Jeanne Dunning
Feature Inc.
Jeanne Dunning tends to take two kinds of photographs: at first glance, you might characterize them as pictures that either defamiliarize the familiar or vice versa. The former present a thing in a way that suggests something else, as in Dunning’s well-known pictures of anuslike fruits, or in a recent photograph called Hand Hole (all works 1994), a tight close-up of a cupped hand that takes on the appearance of some sort of sexual orifice; the latter clearly and unambiguously focus on an obviously manufactured bodily “deformity,” as in The Extra Nipple, a photograph that could easily be your standard headshot if the subject weren’t sticking her tongue out to reveal a vestigial nipple.

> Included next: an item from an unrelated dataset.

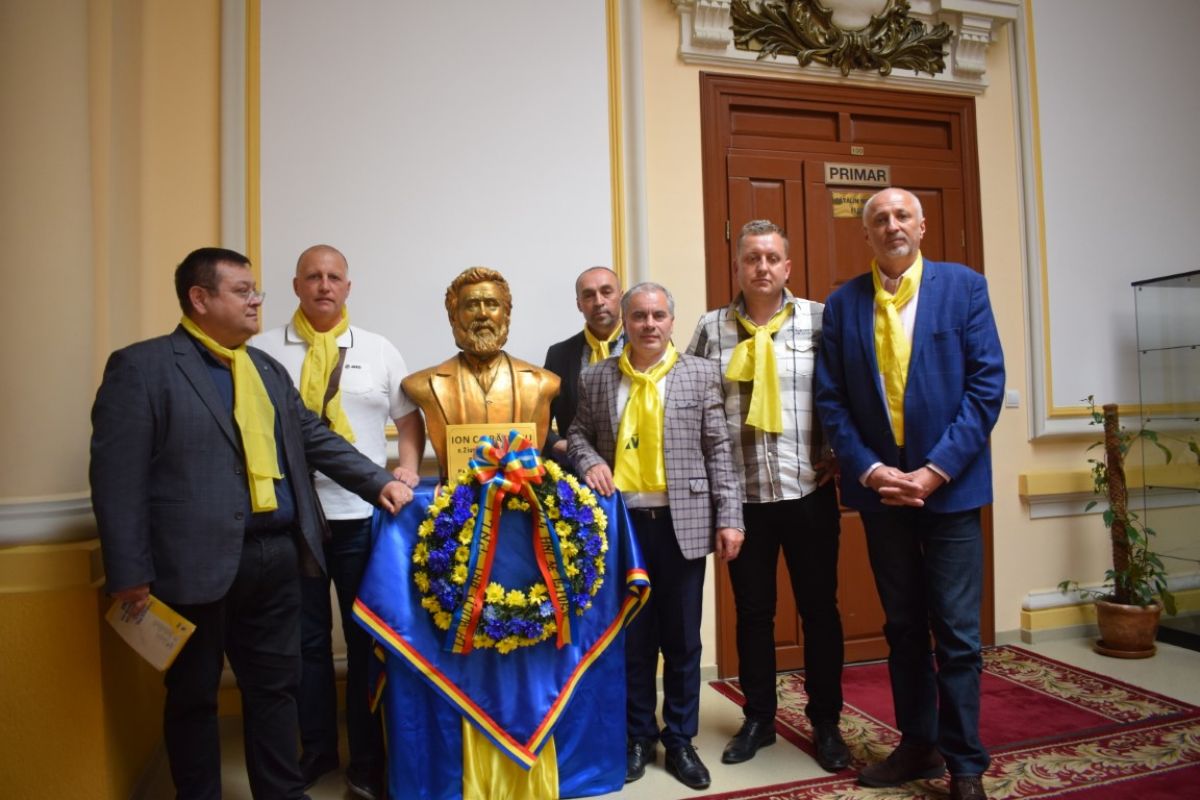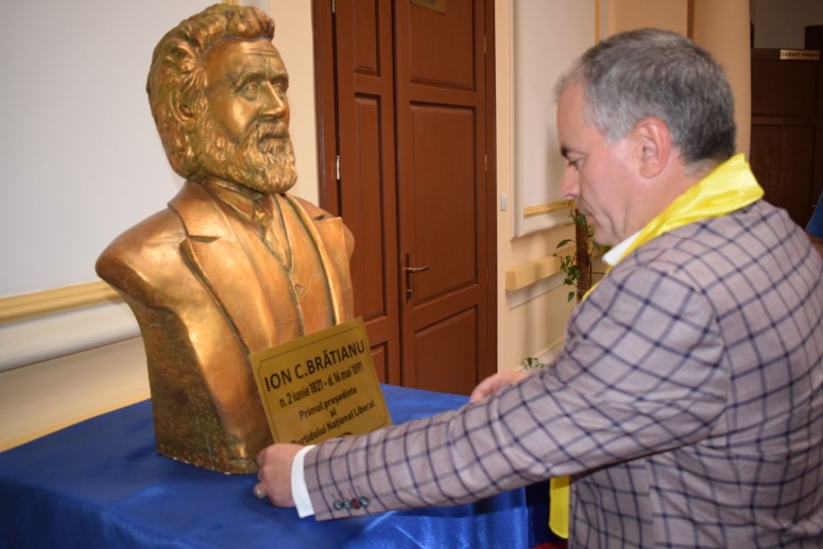 Maricel Maxim, „părintele” bustului a așezat și o plăcuță în fața statuii: „Aici avem primul președinte al PNL, este vorba de IC Brătianu născut în 1821, primul președinte al PNL. La mulți ani, PNL”.

It’s important not to infer from this, however, that Dunning is merely some dilettante surrealist. Formally, her photos are never ambiguous or obscure: solidly posed or composed, clearly lit, perfectly focused, the pictures are the very model of photographic correctness. When an object appears to read as something unfamiliar, it’s not because Dunning obscures it (her early pictures of the backs of women’s heads, as any good coupeur de nattes understands, were not pictures of the absence of faces) but, rather, that she draws out a family of traits from something we are accustomed to recognizing by an entirely different set of traits. We think of fruit primarily as something to eat, not to fuck, and yet. . . . When Dunning brings out the orifice in a piece of fruit, she’s presenting a sort of botanical sexuality that, unlike vegetarianism, doesn’t even have a proper name. Similarly, we still recognize the hand in Hand Hole, and yet Dunning has depicted it not as a thing that grasps a brush or points in a direction, but as an orifice, one suggestively sexual in nature.
When Dunning’s pictures defamiliarize, it’s by highlighting “abnormality,” and when they familiarize, it’s by adding anomalies to a seemingly “normal” situation—an attractive girl with a nipple on her tongue. In either case, she draws out the perverse in every picture with all the singularity of intent that Poe recommends for a good short story. The way each work focuses on some defect is practically monomaniacal. In The Toe-Sucking Video, the idée fixe is no longer a thing but a process, the abnormality no longer something one has but something one does. A woman laboriously and obsessively sucks on the big toe of her right foot, and it’s sort of sexy but arduous to watch. Obviously the work has multiple connotations: it calls to mind oral sex, foot fetishism, thumb-sucking, masturbation, and all manner of pseudo-Freudian attempts to account for these “perversions.” Nevertheless, it is not reducible to any one of these. First and foremost it’s self-directed toe-sucking—a specialty which, like the sexuality that directs itself at fruits and vegetables, doesn’t even have a name. In the end, perhaps, it’s symptomatic of Dunning’s work as a whole: she’s as much a photographer of the nameless as of the anomalous.